* **EXERCISE GOAL**: Below are entries with pictures among them; reproduce exactly, and only, the lines from the one containing "據(jù)晚點(diǎn)L" down to the one containing "После того, как", without the pictures.

* **DATA FOR THIS TASK**:
+ + +

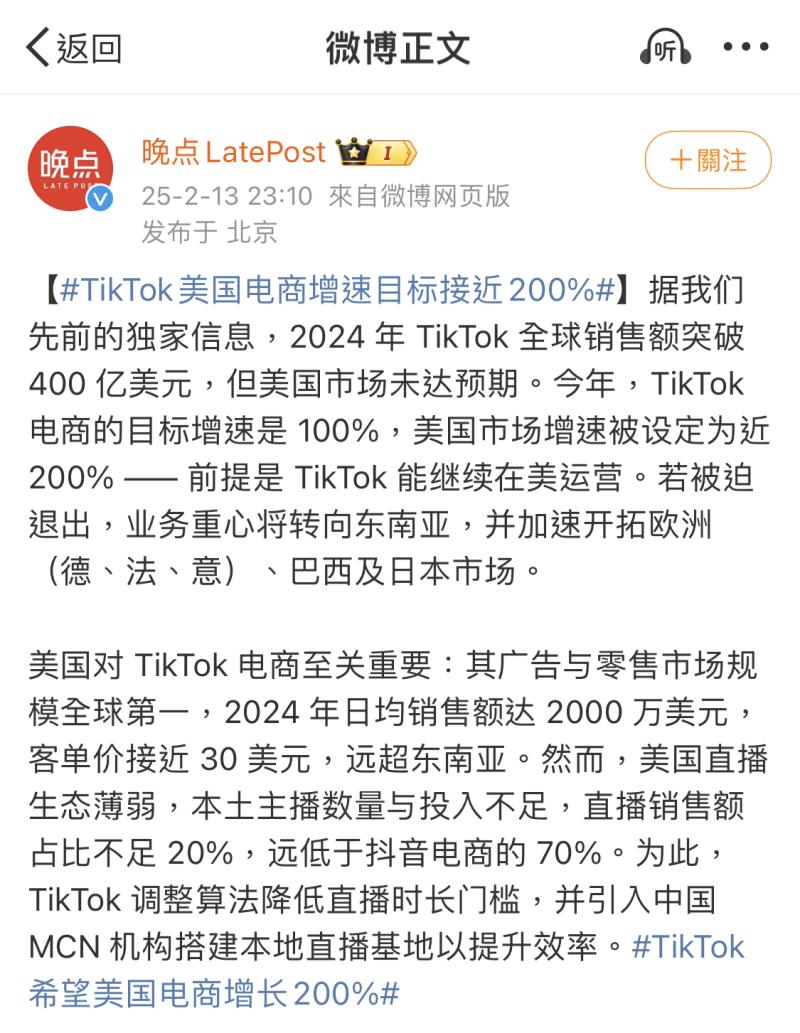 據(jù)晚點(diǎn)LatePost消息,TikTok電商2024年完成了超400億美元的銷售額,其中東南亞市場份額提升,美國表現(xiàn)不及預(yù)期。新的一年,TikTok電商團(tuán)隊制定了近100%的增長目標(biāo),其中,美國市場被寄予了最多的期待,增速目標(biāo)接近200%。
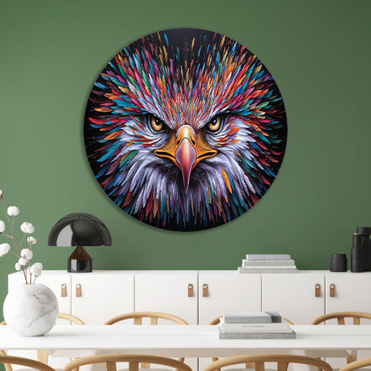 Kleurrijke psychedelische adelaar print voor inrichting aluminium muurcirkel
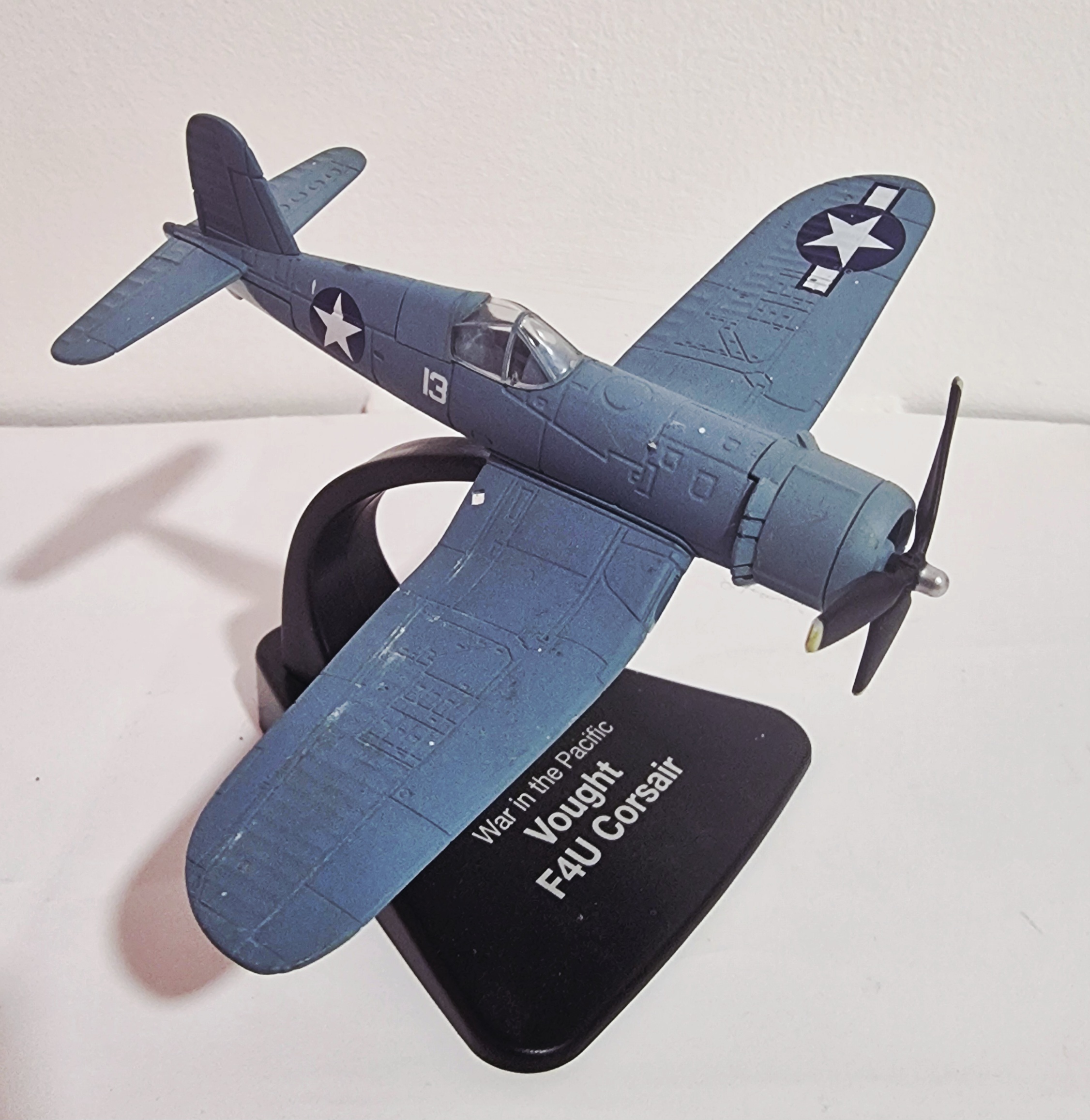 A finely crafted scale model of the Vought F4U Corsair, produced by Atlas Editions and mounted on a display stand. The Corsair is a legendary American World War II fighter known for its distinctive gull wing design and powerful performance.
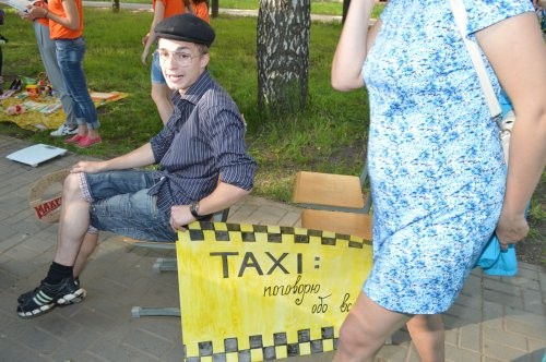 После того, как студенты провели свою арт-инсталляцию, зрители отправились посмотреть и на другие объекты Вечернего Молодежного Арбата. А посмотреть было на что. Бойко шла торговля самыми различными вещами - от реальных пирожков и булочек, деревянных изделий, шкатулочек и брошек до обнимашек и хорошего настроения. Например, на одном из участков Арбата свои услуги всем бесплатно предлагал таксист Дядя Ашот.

+ + +

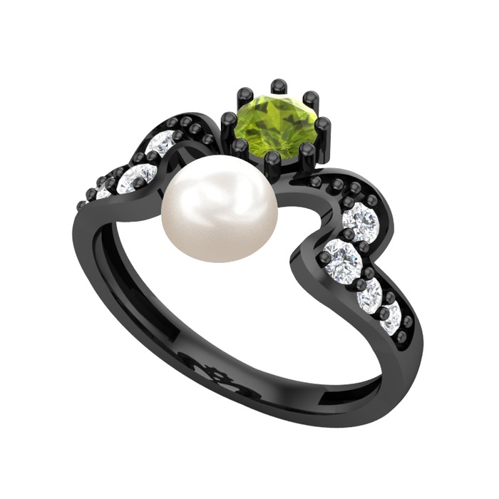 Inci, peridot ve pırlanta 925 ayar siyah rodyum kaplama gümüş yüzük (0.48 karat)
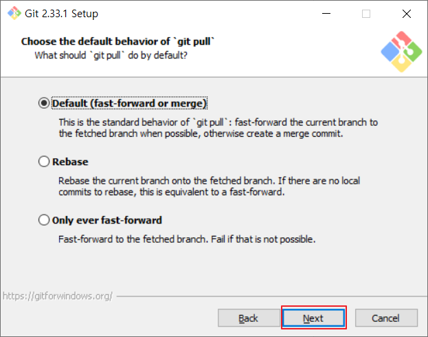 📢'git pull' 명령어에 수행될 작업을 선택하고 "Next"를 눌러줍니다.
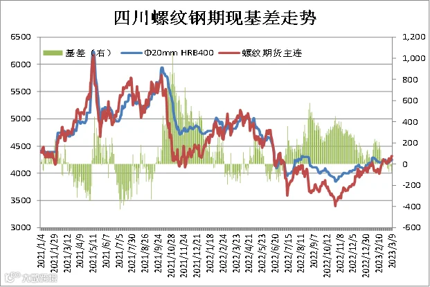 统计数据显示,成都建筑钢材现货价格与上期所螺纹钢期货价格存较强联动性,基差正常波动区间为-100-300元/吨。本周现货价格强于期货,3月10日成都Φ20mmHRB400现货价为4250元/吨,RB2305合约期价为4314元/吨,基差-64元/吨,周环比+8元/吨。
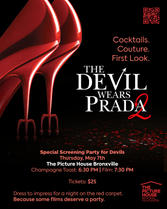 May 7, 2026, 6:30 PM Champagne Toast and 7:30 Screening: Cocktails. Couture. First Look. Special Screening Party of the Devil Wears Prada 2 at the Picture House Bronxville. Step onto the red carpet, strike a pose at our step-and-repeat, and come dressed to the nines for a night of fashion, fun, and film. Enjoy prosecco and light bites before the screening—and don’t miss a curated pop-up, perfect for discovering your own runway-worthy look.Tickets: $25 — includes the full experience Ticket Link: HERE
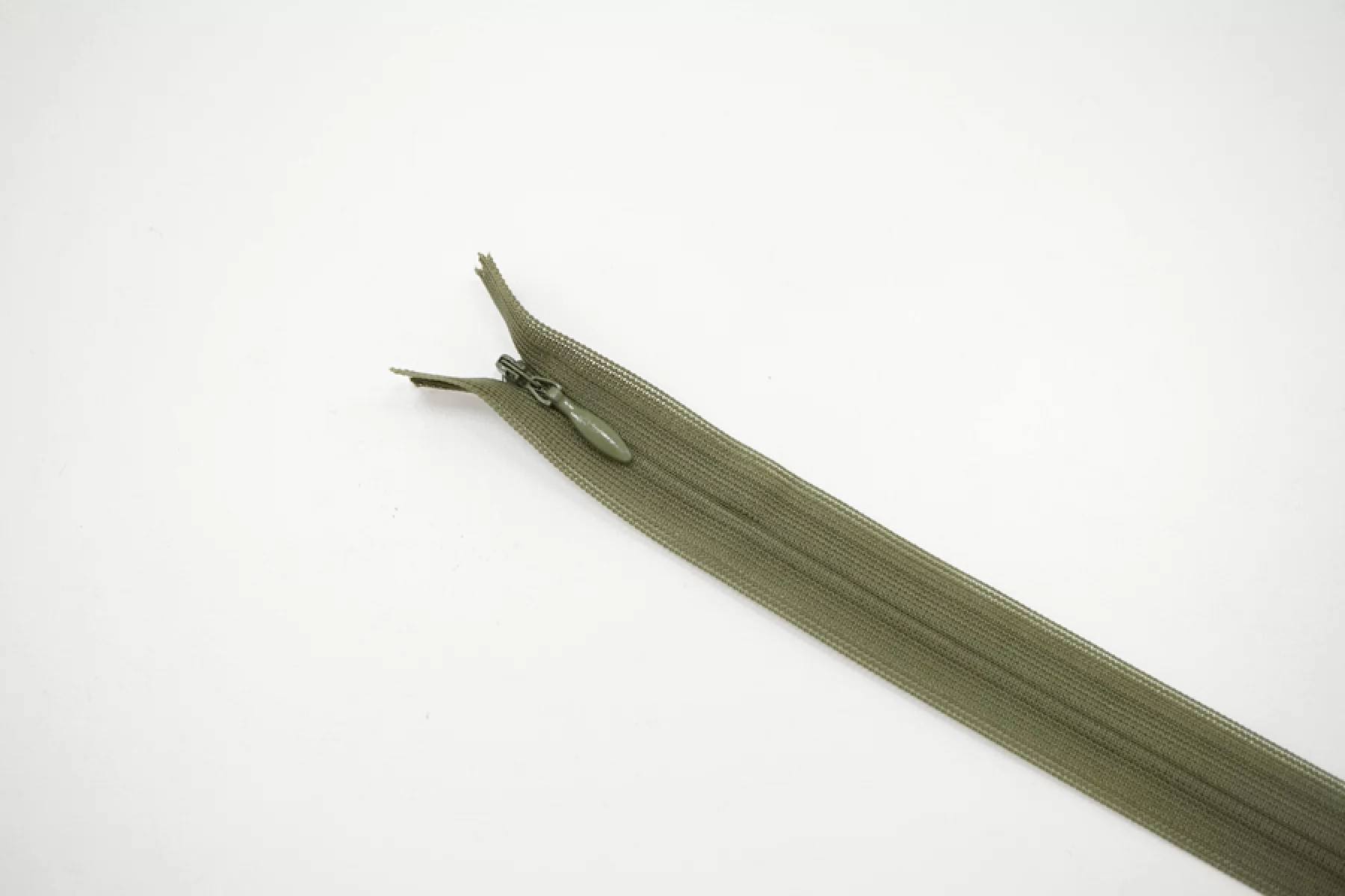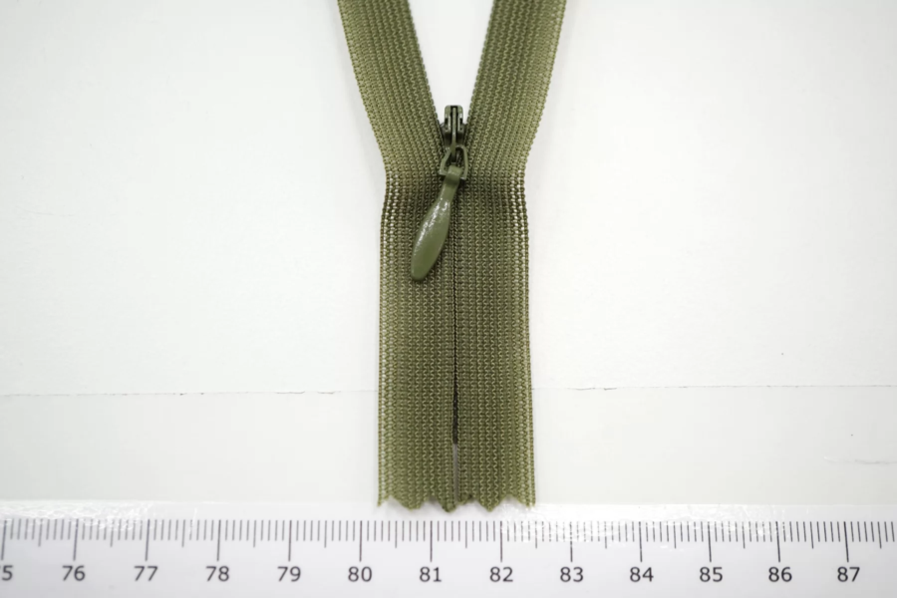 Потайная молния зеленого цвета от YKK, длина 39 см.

+ + +

* **WRITTEN ANSWER**:
 據(jù)晚點(diǎn)LatePost消息,TikTok電商2024年完成了超400億美元的銷售額,其中東南亞市場份額提升,美國表現(xiàn)不及預(yù)期。新的一年,TikTok電商團(tuán)隊制定了近100%的增長目標(biāo),其中,美國市場被寄予了最多的期待,增速目標(biāo)接近200%。
 Kleurrijke psychedelische adelaar print voor inrichting aluminium muurcirkel
 A finely crafted scale model of the Vought F4U Corsair, produced by Atlas Editions and mounted on a display stand. The Corsair is a legendary American World War II fighter known for its distinctive gull wing design and powerful performance.
 После того, как студенты провели свою арт-инсталляцию, зрители отправились посмотреть и на другие объекты Вечернего Молодежного Арбата. А посмотреть было на что. Бойко шла торговля самыми различными вещами - от реальных пирожков и булочек, деревянных изделий, шкатулочек и брошек до обнимашек и хорошего настроения. Например, на одном из участков Арбата свои услуги всем бесплатно предлагал таксист Дядя Ашот.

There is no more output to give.